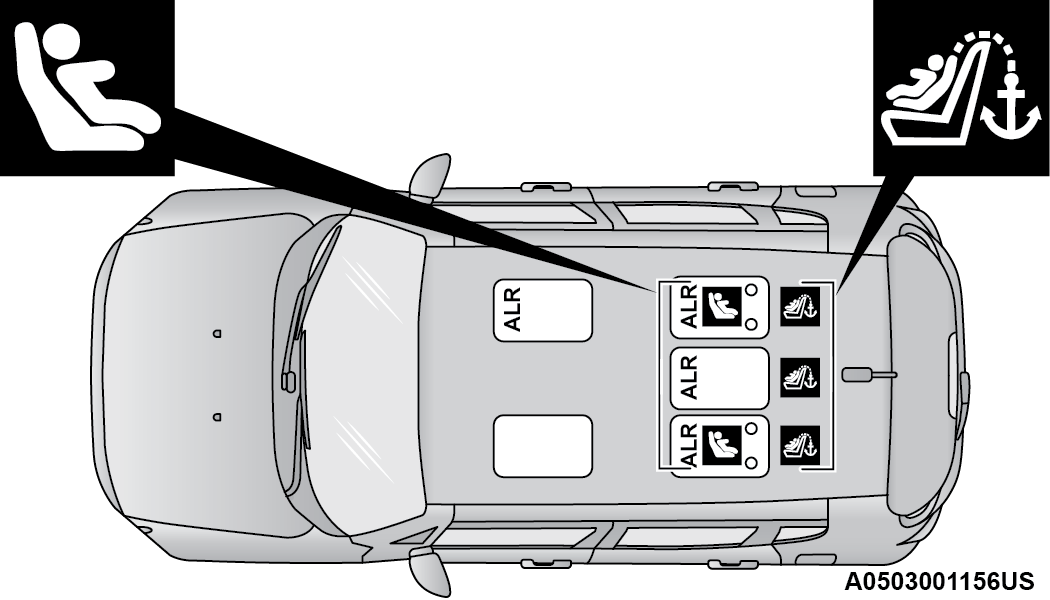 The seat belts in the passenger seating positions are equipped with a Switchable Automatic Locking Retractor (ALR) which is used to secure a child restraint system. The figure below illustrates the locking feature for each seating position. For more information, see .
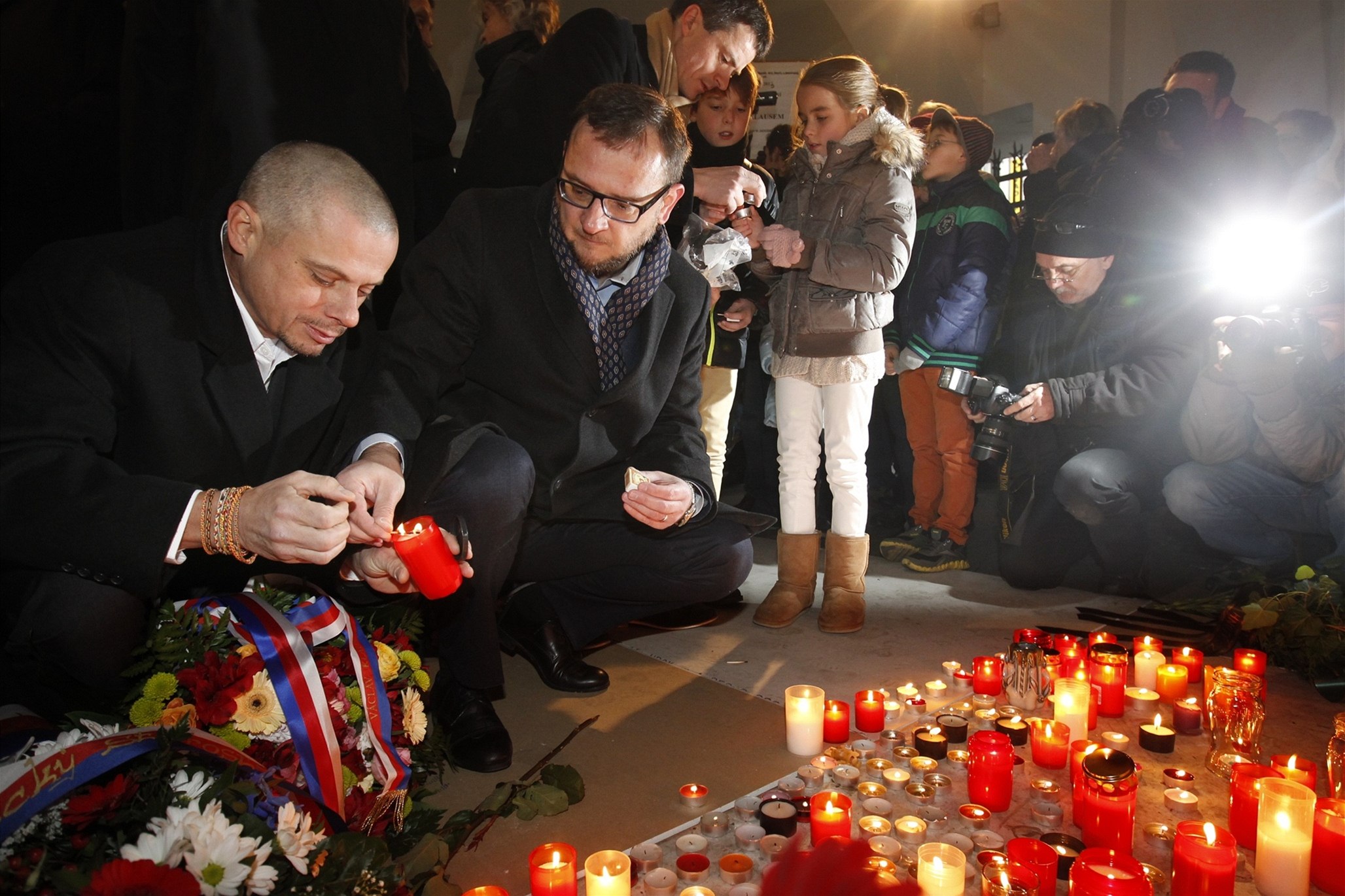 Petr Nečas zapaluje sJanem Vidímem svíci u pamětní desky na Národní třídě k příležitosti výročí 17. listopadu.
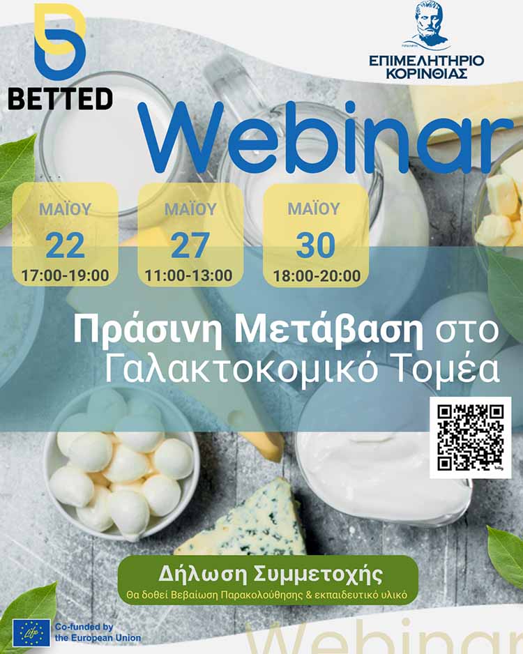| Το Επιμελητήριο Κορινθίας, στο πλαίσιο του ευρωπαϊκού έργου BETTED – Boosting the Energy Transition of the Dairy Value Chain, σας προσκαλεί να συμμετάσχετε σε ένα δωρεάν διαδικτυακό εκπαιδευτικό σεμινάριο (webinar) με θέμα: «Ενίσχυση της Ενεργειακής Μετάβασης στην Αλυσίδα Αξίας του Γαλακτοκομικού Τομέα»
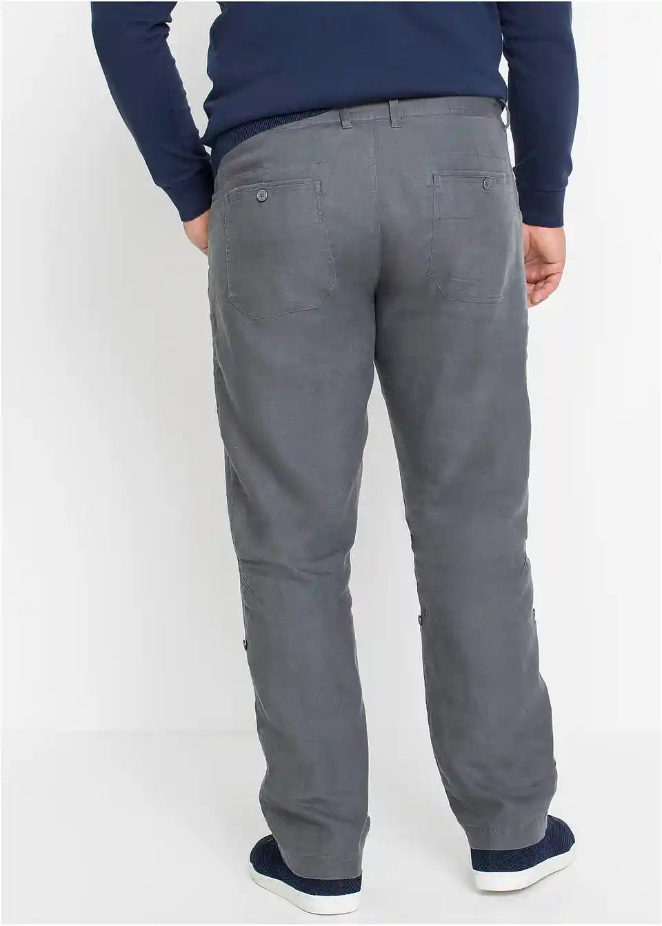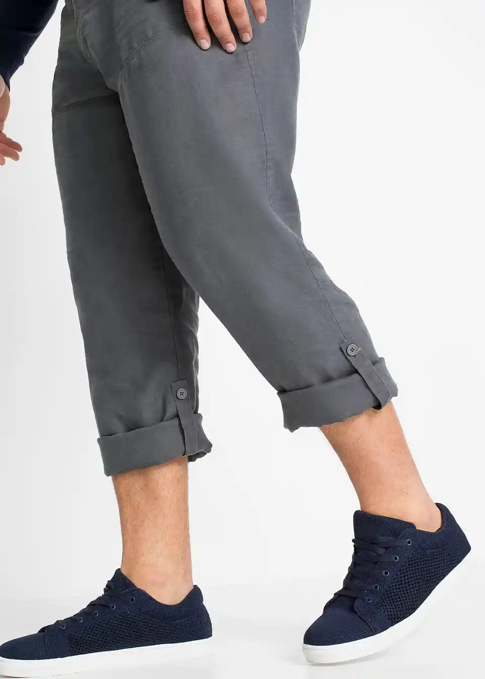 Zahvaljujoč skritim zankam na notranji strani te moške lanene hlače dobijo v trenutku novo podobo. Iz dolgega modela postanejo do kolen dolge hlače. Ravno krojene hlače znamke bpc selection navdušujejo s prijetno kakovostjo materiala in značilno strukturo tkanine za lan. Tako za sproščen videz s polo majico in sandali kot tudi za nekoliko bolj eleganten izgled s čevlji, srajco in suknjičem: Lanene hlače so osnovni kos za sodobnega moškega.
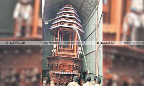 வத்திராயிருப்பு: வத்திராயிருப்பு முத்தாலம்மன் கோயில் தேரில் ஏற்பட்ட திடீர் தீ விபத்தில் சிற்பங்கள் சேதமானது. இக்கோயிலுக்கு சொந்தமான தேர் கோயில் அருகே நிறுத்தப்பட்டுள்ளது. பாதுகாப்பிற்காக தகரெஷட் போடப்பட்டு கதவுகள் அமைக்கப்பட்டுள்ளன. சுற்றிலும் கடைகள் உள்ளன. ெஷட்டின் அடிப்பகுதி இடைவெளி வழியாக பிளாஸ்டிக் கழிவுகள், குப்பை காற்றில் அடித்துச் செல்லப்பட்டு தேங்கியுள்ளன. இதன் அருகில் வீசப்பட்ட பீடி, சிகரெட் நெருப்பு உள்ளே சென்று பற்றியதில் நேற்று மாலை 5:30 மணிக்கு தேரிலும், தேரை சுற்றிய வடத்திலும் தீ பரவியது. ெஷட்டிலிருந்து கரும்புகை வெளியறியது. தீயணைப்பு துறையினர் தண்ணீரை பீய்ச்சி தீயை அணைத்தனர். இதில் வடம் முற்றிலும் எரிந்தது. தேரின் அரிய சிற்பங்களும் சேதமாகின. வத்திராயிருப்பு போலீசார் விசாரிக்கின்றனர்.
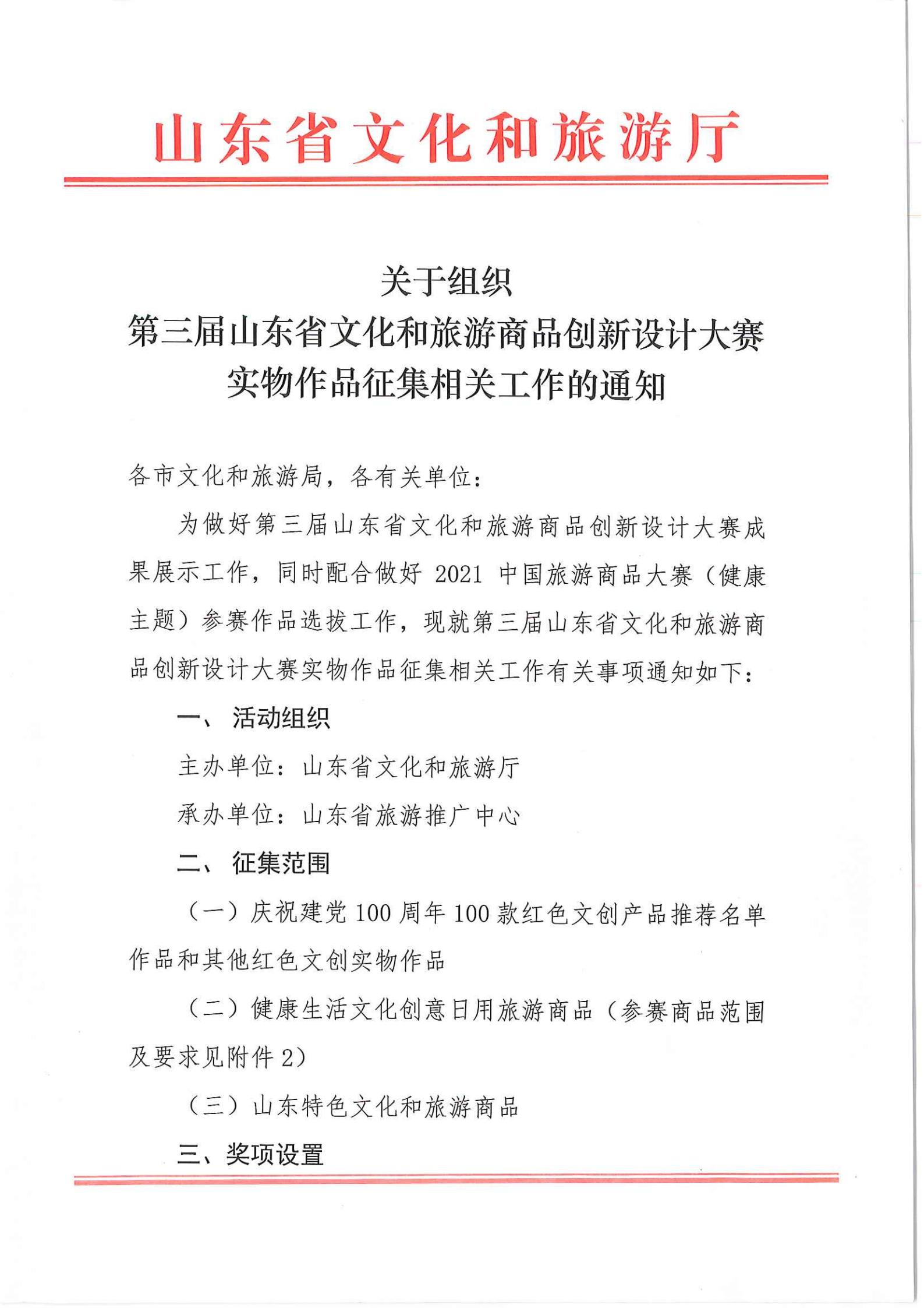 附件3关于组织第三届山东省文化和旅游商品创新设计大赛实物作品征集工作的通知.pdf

_What is needed_
Give an exact copy of the entries, excluding all pictures.

_Solution to the problem_
 The seat belts in the passenger seating positions are equipped with a Switchable Automatic Locking Retractor (ALR) which is used to secure a child restraint system. The figure below illustrates the locking feature for each seating position. For more information, see .
 Petr Nečas zapaluje sJanem Vidímem svíci u pamětní desky na Národní třídě k příležitosti výročí 17. listopadu.
| Το Επιμελητήριο Κορινθίας, στο πλαίσιο του ευρωπαϊκού έργου BETTED – Boosting the Energy Transition of the Dairy Value Chain, σας προσκαλεί να συμμετάσχετε σε ένα δωρεάν διαδικτυακό εκπαιδευτικό σεμινάριο (webinar) με θέμα: «Ενίσχυση της Ενεργειακής Μετάβασης στην Αλυσίδα Αξίας του Γαλακτοκομικού Τομέα»
 Zahvaljujoč skritim zankam na notranji strani te moške lanene hlače dobijo v trenutku novo podobo. Iz dolgega modela postanejo do kolen dolge hlače. Ravno krojene hlače znamke bpc selection navdušujejo s prijetno kakovostjo materiala in značilno strukturo tkanine za lan. Tako za sproščen videz s polo majico in sandali kot tudi za nekoliko bolj eleganten izgled s čevlji, srajco in suknjičem: Lanene hlače so osnovni kos za sodobnega moškega.
 வத்திராயிருப்பு: வத்திராயிருப்பு முத்தாலம்மன் கோயில் தேரில் ஏற்பட்ட திடீர் தீ விபத்தில் சிற்பங்கள் சேதமானது. இக்கோயிலுக்கு சொந்தமான தேர் கோயில் அருகே நிறுத்தப்பட்டுள்ளது. பாதுகாப்பிற்காக தகரெஷட் போடப்பட்டு கதவுகள் அமைக்கப்பட்டுள்ளன. சுற்றிலும் கடைகள் உள்ளன. ெஷட்டின் அடிப்பகுதி இடைவெளி வழியாக பிளாஸ்டிக் கழிவுகள், குப்பை காற்றில் அடித்துச் செல்லப்பட்டு தேங்கியுள்ளன. இதன் அருகில் வீசப்பட்ட பீடி, சிகரெட் நெருப்பு உள்ளே சென்று பற்றியதில் நேற்று மாலை 5:30 மணிக்கு தேரிலும், தேரை சுற்றிய வடத்திலும் தீ பரவியது. ெஷட்டிலிருந்து கரும்புகை வெளியறியது. தீயணைப்பு துறையினர் தண்ணீரை பீய்ச்சி தீயை அணைத்தனர். இதில் வடம் முற்றிலும் எரிந்தது. தேரின் அரிய சிற்பங்களும் சேதமாகின. வத்திராயிருப்பு போலீசார் விசாரிக்கின்றனர்.
 附件3关于组织第三届山东省文化和旅游商品创新设计大赛实物作品征集工作的通知.pdf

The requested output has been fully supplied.